* **ACTIVITY**:
Images should be left out, and everything else in the listing reproduced exactly.

* **AVAILABLE DATA**:
--- START ---

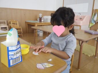 よれないように気をつけながら、少しずつ丁寧に貼り付ける姿が見られました。
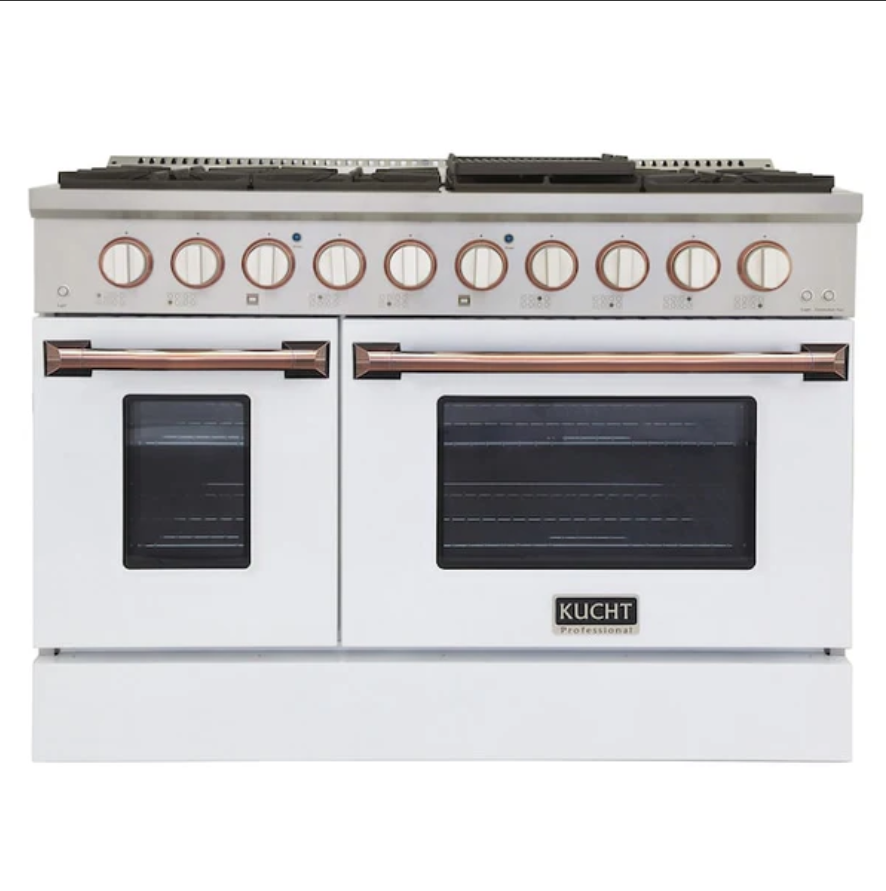 Transform your kitchen into a masterpiece of elegance and performance with the Kucht Professional 48" LP Gas Range in pristine White. Designed for those who demand luxury without compromise, this pro-style range combines a clean, sophisticated white finish with customizable metallic accents in Gold or Rose Gold for a truly personalized statement.
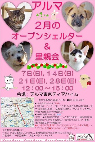 2月7日(日)、ティアハイムオープンシェルター里親会を開催します。
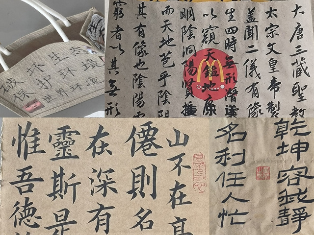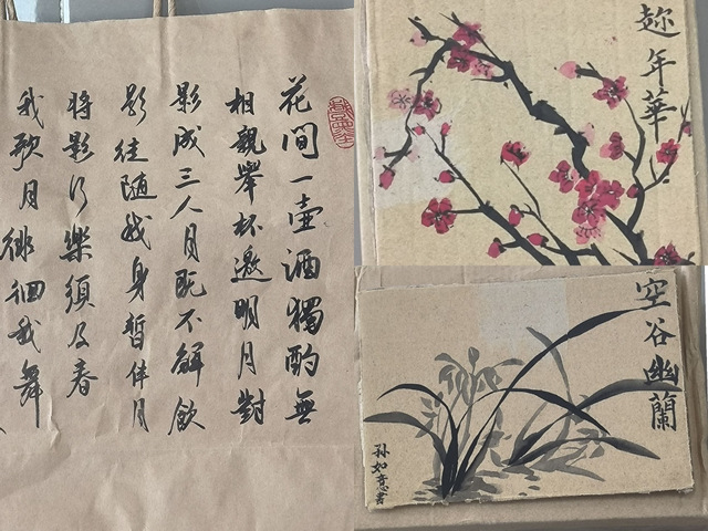 活动期间,收到来自多个公司的多份作品。同学们将环保主题巧妙的体现在书画作品的呈现物上,有在购物纸袋上呈现的,有在快递纸盒上呈现的,还有在麻布提袋上呈现的。同学们喜好的软笔书法字体也各不相同,真、草、隶、篆、行五种字体在必选现场都有出现。除书法形式外,国画形式不在少数,风吹荷花香、空谷幽兰等作品更是让人眼前一亮,环保与艺术在此刻得到完美的结合。

--- END ---

* **OUTPUT BELOW**:
 よれないように気をつけながら、少しずつ丁寧に貼り付ける姿が見られました。
 Transform your kitchen into a masterpiece of elegance and performance with the Kucht Professional 48" LP Gas Range in pristine White. Designed for those who demand luxury without compromise, this pro-style range combines a clean, sophisticated white finish with customizable metallic accents in Gold or Rose Gold for a truly personalized statement.
 2月7日(日)、ティアハイムオープンシェルター里親会を開催します。
 活动期间,收到来自多个公司的多份作品。同学们将环保主题巧妙的体现在书画作品的呈现物上,有在购物纸袋上呈现的,有在快递纸盒上呈现的,还有在麻布提袋上呈现的。同学们喜好的软笔书法字体也各不相同,真、草、隶、篆、行五种字体在必选现场都有出现。除书法形式外,国画形式不在少数,风吹荷花香、空谷幽兰等作品更是让人眼前一亮,环保与艺术在此刻得到完美的结合。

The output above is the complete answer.